For example, when a specific combination (for example, a BB game combination) is won as a result of the combination lottery, an execution lottery is performed as to whether or not to execute the spinning effect, and the lottery result is won for execution of the production. Then, the execution of the spinning effect is determined. The method of execution lottery is the same as that of combination lottery, and is performed by comparing a random number picked up at a predetermined time with the execution lottery table.
If a plurality of execution lottery tables with different winning probabilities are provided and a game execution lottery is performed, and a specific winning combination is won in the winning lottery, the probability of effect execution is set high (for example, a ratio of 90%). The lottery may be performed using the execution lottery table, and in other cases, the lottery may be performed using the execution lottery table set with a low probability of performance execution (for example, a ratio of 1%).

(Hopper control means 140)
The hopper control means 140 operates the hopper unit 65 and pays out medals based on the determination result of the game result determination means 150 and the operation of the settlement switch 17. That is, when the game result determination means 150 determines the winning of the payout small role, a medal corresponding to the small role winning is paid out, and when the checkout switch 17 is operated when there are 1 or more credits, it is stored as credits. The medal that has been made is to be paid out.
(Game result judging means 150)
The game result determination unit 150 determines a result of the game and performs a process based on the determination result when all of the rotating reels 40 are stopped by the operation of the stop switch 50.

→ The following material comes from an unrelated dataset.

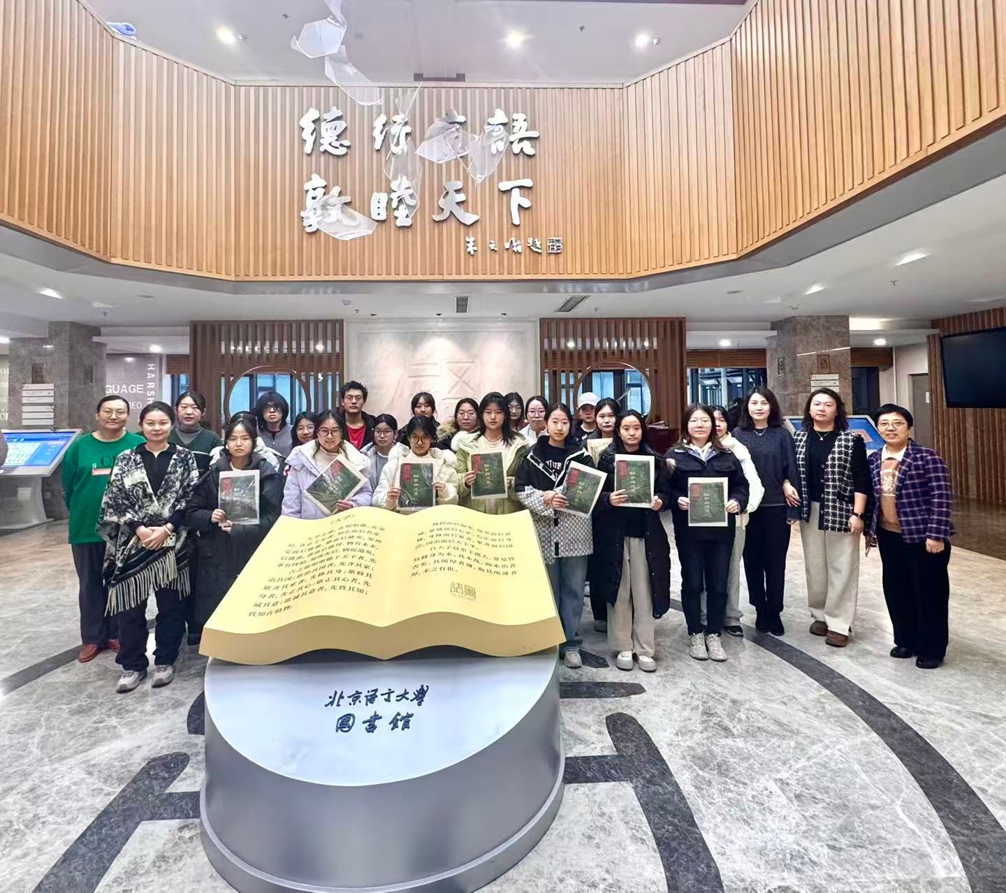 参观结束后,陆老师向同学们全面介绍了图书馆的发展定位和整体情况。她指出,作为“小联合国”里的图书馆,北京语言大学图书馆始终紧贴学校国际化办学战略,依托丰富馆藏和专业服务体系,为来自全球的学生和教师提供高水平学习与研究支持。目前,图书馆纸本图书约98万册、电子资源超过300万种,可预约座位1058个,总座位超1200个,去年全年入馆人次达90万、网站访问量93万次,使用需求十分旺盛。近年来,图书馆围绕数据资源体系、阅读推广体系和教研支持体系形成了一套较为完善的服务框架,不断推动图书馆从“借书场所”向“学术空间”和“文化中心”转型。陆老师鼓励同学们充分利用数据库、文献传递、学术培训等资源,特别是在论文写作、考研准备、专业学习及求职阶段,养成使用专业数据库的学习习惯。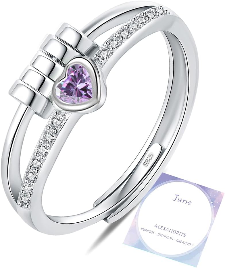 Birthstone Rings for Women,Dainty Sterling Silver Gold Plated Fidget Rings,Anxiety Heart Ring,Adjustable Spinner Birthstone Ring for Women,Birthday Christmas Gifts for Wife Daughter Sister

Specifically, the game result determination unit 150 determines whether to give a profit according to the combination when a symbol constituting the predetermined combination is displayed on the active line. That is, when a small role symbol is displayed on the active line, a predetermined number of medal payout decisions are made according to the combination, and when a replay symbol is displayed on the active line, an automatic bet determination is performed, When the bonus role symbol is displayed on the active line, the game state transition is determined. Further, by performing a predetermined signal output to the effect control device 22, the effect display device 66 can perform a predetermined effect upon winning or shifting to a bonus game.
(Operation of slot machine 10)
Next, an outline of the operation of the slot machine 10 having the above configuration will be described based on the flow of FIG.

First, in step 100 shown in FIG. 7, it is determined whether or not the start switch 30 is turned on. The start switch 30 is turned on when operated after a specified number of medals are bet. If the start switch 30 is not turned ON, the process returns to step 100. On the other hand, if the start switch 30 is turned ON, the process proceeds to the next step 101.
In step 101, the role lottery process by the role lottery means 100 is performed, and in the next step 102, the lottery effect determining means 130 performs the effect lottery process. Then, the process proceeds to the next step 103.
In step 103, the reel control means 120 performs a rotation start process of the rotary reel 40. Then, the process proceeds to the next step 104.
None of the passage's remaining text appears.